Włada Majewska (19 March 1911 – 18 May 2011) was a Polish radio journalist, actress and singer.

== Early life ==
Włada Majewska was born on 19 March 1911 to Zygmunt and Katarzyna Majewska in, what was then named, Lemberg. She studied law at John Casimir University and graduated from the Faculty of Administrative Law at the University of Edinburgh.

== Career ==
In 1930, she began working at Polish Radio Lwów. From 1932, she performed as a singer and parodist, together with the duo Szczepcia and Tońka in Wiktor Budzyński's Wesoła Lwowska Fala. After the outbreak of World War II, she left Lviv and started performing Romania as part of an artistic ensemble.
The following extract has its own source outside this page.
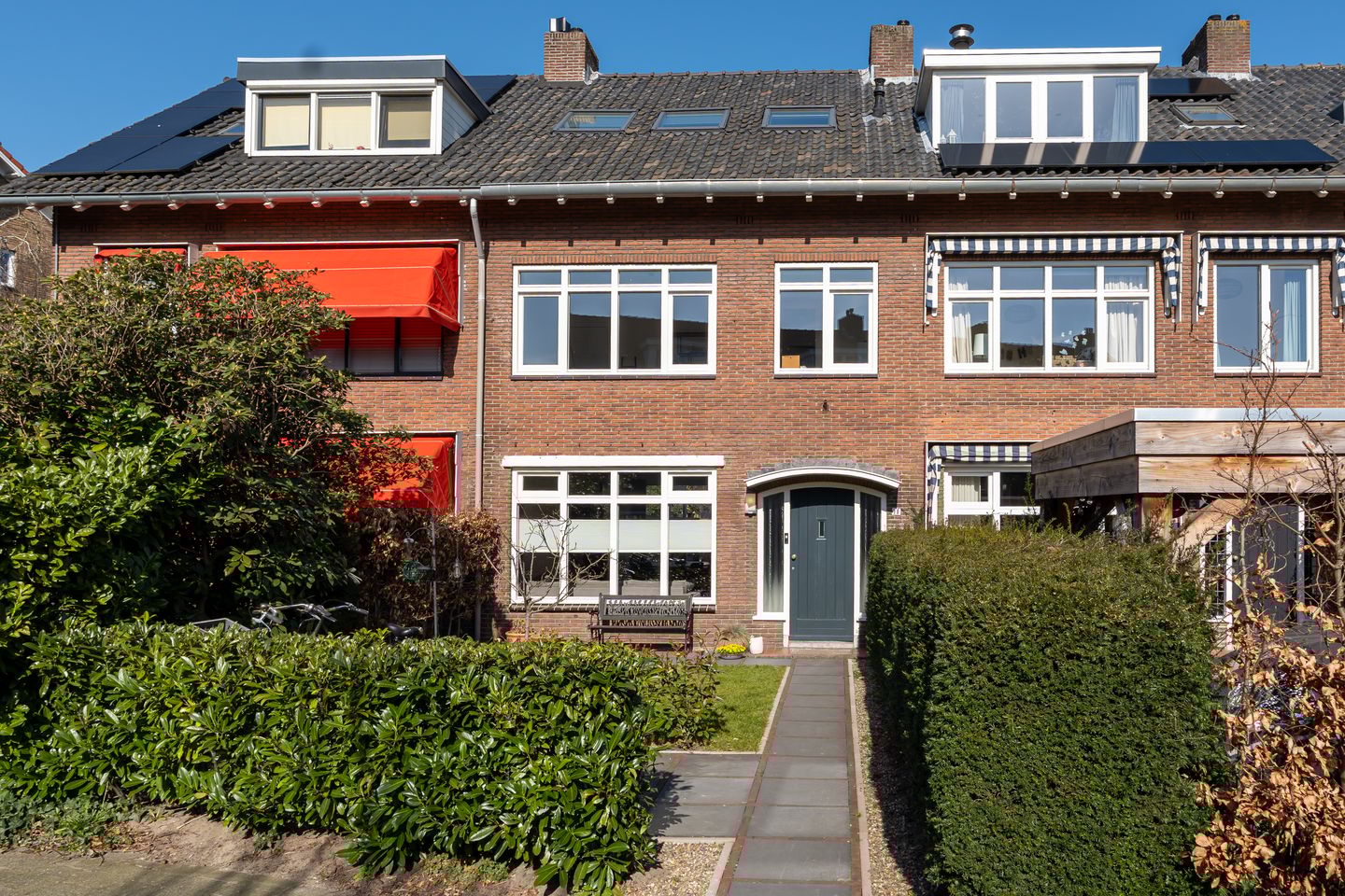 De ruime voortuin is eveneens voorzien van bestrating en een gazon.

On 8 March 1940, the band Wesoła Lwowska Fala left Romania and travelled to France via Yugoslavia and Italy to join the Polish Army in France. On 22 June 1940, after the fall of France, Wesoła Lwowska Fala was evacuated to Scotland on a small English freighter. The band performed there two days later. Wesoła Lwowska Fala was part of the 10th Armoured Cavalry Brigade of General Maczek, where they performed for the Polish Army over 800 times, performing on truck platforms, soldiers' barracks and bunkers.

After the war ended, she stayed in the United Kingdom and in 1946 married Budzyński in Edinburgh. Majewska became a producer of Marian Hemar's cabarets and was an actress in his theatre in London.

In the 1940s, Majewska moved to London and renewed her performance career. In 1952, she became a presenter for Radio Free Europe. After the fall of communism, Radio Free Europe's London office closed, and Majewska ensured that its archives were preserved. In 1994, Majewska donated the London archives of Radio Free Europe and recordings of Marian Hemar's work to Polskie Radio. In 2005, for the 80th anniversary of Polskie Radio, she was presented with the Diamond Microphone for her contributions to Polish radio.

== Later life and death ==
For the last few years of her life, Majewska was cared for in a home run by Polish nuns in Chislehurst. She died there on 18 May 2011 at the age of 100.